As shown in the figure, ABCD is a rectangle with length 4, width 3, and diagonal length 5. It is rotated 90^\circ clockwise around point C. Find the area swept by side AB.(Take \pi=3.14)

  • A.

    7.065

  • B.

    9.42

  • C.

    12.56

  • D.

    15.7

  • E.

    19.625

Answer:C

The area swept by side AB is the area of the shaded part in the figure.

The area swept by AB = (\text{Area of sector } ACA' + \text{Area of } \triangle A'B'C) -(\text{Area of sector } BCB' + \text{the area of } \triangle ABC).
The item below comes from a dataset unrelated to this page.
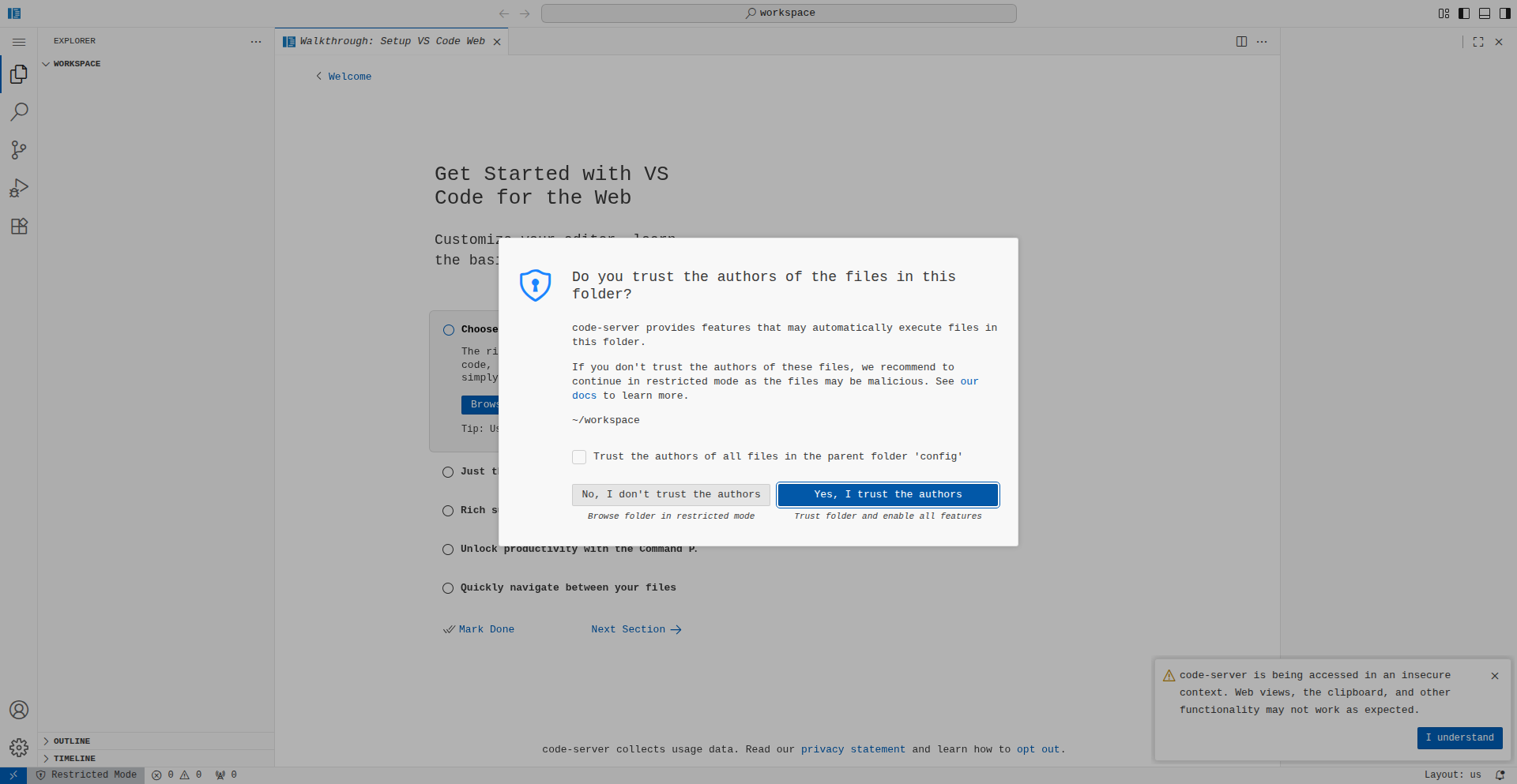 "message": "http://172.17.0.5:8443/stable-b0992ddb3e3b398371da6bcfbe21a70b4d66eb8d/static/out/vs/code/browser/workbench/workbench.js 3724:12032 \"The web worker extension host is started in a same-origin iframe!\"",

Since the area of \triangle ABC is equal to the area of \triangle A'B'C, this simplifies to: \text{Area of sector } ACA' - \text{Area of sector } BCB'.

Calculating the areas of the sectors :

= \pi \times 5^2 \times \frac{1}{4} - \pi \times 3^2 \times \frac{1}{4}

= \pi \times 25 \times \frac{1}{4} - \pi \times 9 \times \frac{1}{4}

= \pi \times (25 - 9) \times \frac{1}{4} = \pi \times 16 \times \frac{1}{4}

= 4\pi = 12.56 \quad (\text{taking } \pi \approx 3.14)

Answer: The areas swept by sides AB is 12.56 square units.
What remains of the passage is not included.